# [WORK REQUEST]
The span to repeat in the listing below runs from the line containing "5.Simply insert the" to the line containing "MBP4,1 17-inch (Early", inclusive. Repeat it exactly, and only it.

EXTRACTED MATERIAL section start

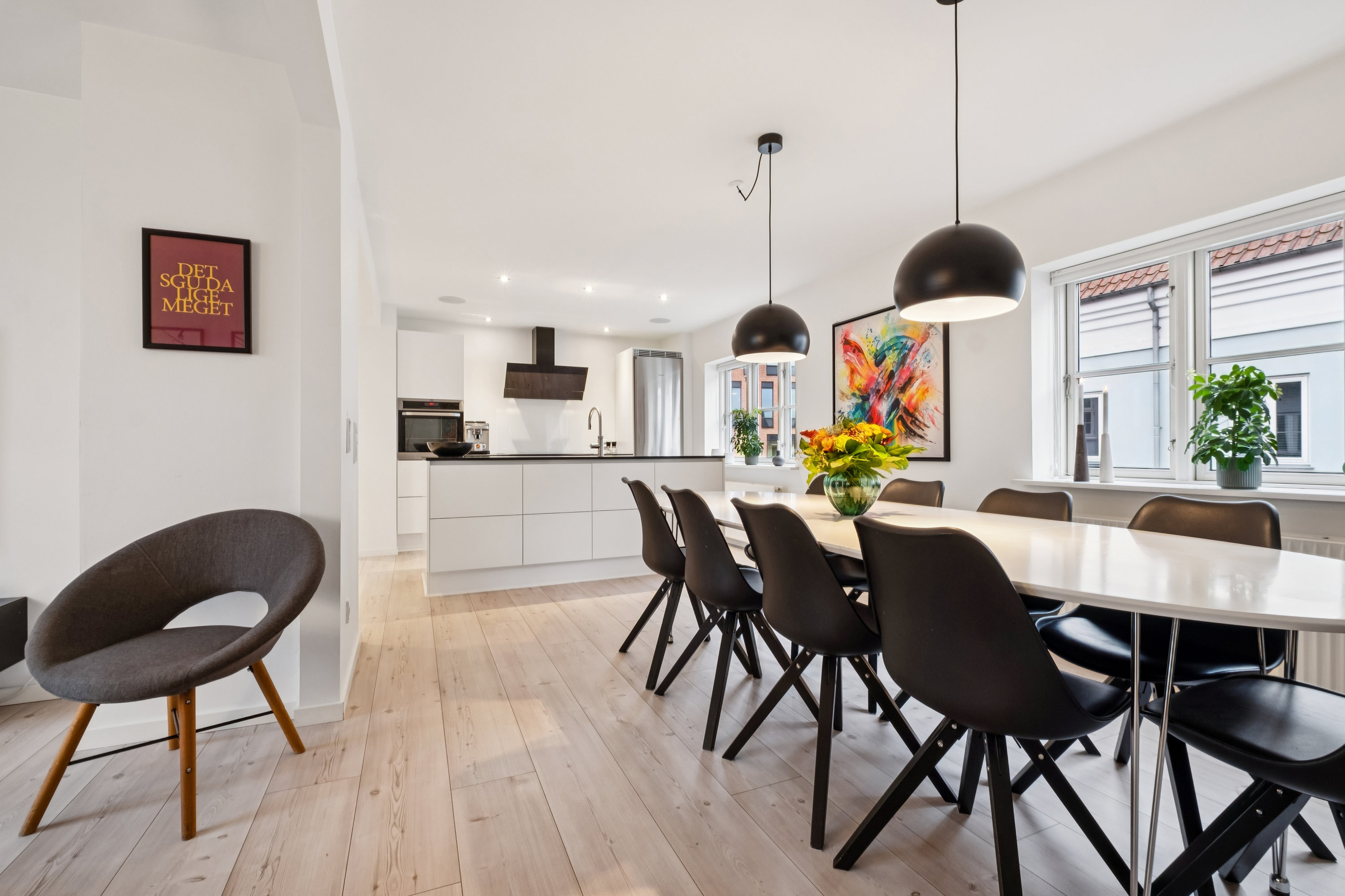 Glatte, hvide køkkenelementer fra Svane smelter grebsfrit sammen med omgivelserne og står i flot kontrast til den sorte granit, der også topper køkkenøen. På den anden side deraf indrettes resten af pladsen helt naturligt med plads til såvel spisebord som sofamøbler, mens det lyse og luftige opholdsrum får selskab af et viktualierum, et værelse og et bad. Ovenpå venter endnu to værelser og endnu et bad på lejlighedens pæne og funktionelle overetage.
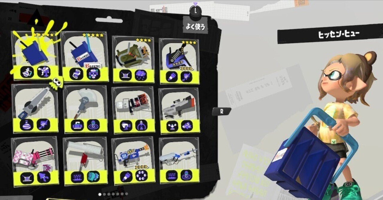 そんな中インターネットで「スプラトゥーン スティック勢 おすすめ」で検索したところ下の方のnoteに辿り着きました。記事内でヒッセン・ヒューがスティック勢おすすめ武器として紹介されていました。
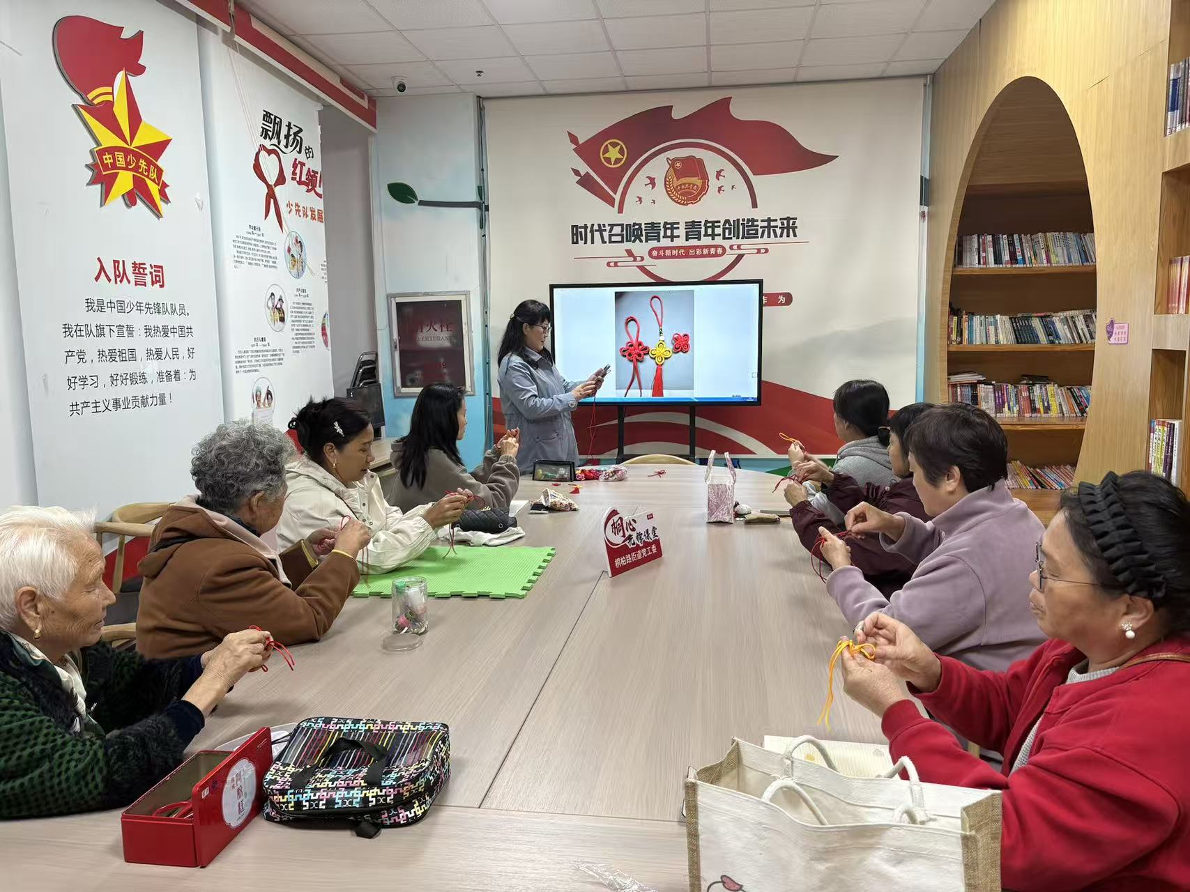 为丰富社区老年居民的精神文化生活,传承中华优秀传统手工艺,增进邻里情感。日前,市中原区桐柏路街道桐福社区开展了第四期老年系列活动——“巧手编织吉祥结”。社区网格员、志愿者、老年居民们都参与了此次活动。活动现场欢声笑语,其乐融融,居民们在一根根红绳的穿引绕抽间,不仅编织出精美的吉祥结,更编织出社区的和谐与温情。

EXTRACTED MATERIAL section end
EXTRACTED MATERIAL section start

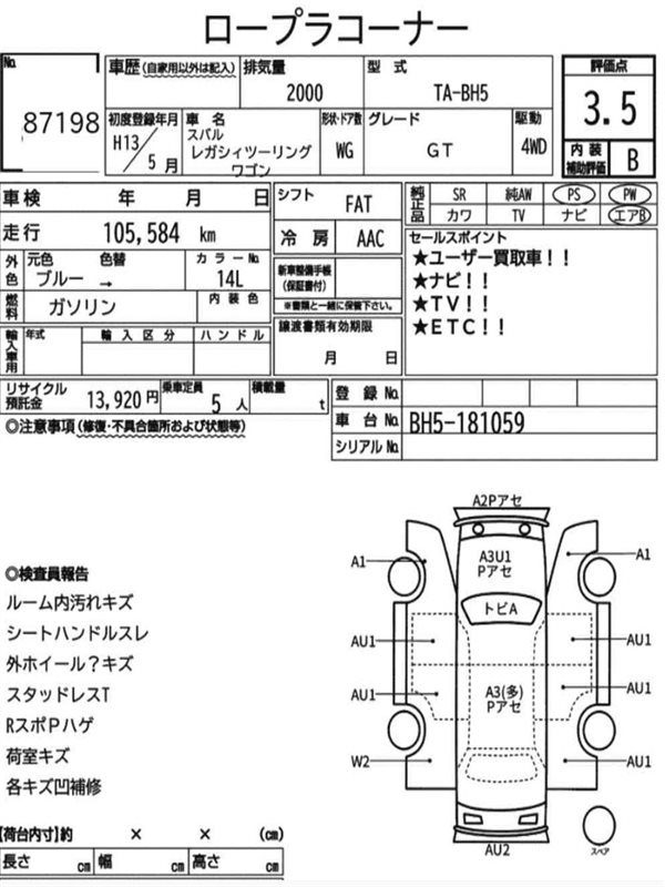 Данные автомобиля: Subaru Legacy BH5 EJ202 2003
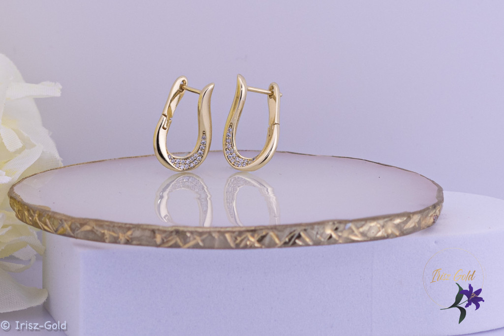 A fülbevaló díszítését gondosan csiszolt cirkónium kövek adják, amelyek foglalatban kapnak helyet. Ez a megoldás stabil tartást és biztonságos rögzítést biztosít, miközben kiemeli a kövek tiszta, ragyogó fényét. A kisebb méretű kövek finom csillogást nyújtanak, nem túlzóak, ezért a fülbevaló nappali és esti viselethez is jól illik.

EXTRACTED MATERIAL section end
EXTRACTED MATERIAL section start

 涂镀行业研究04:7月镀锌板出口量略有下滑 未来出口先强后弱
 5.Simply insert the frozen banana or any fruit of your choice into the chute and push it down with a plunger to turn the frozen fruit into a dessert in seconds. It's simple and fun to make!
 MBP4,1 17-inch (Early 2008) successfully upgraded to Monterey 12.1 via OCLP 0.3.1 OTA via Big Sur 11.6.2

EXTRACTED MATERIAL section end

# [RESPONSE FOR THIS EXERCISE]
 5.Simply insert the frozen banana or any fruit of your choice into the chute and push it down with a plunger to turn the frozen fruit into a dessert in seconds. It's simple and fun to make!
 MBP4,1 17-inch (Early 2008) successfully upgraded to Monterey 12.1 via OCLP 0.3.1 OTA via Big Sur 11.6.2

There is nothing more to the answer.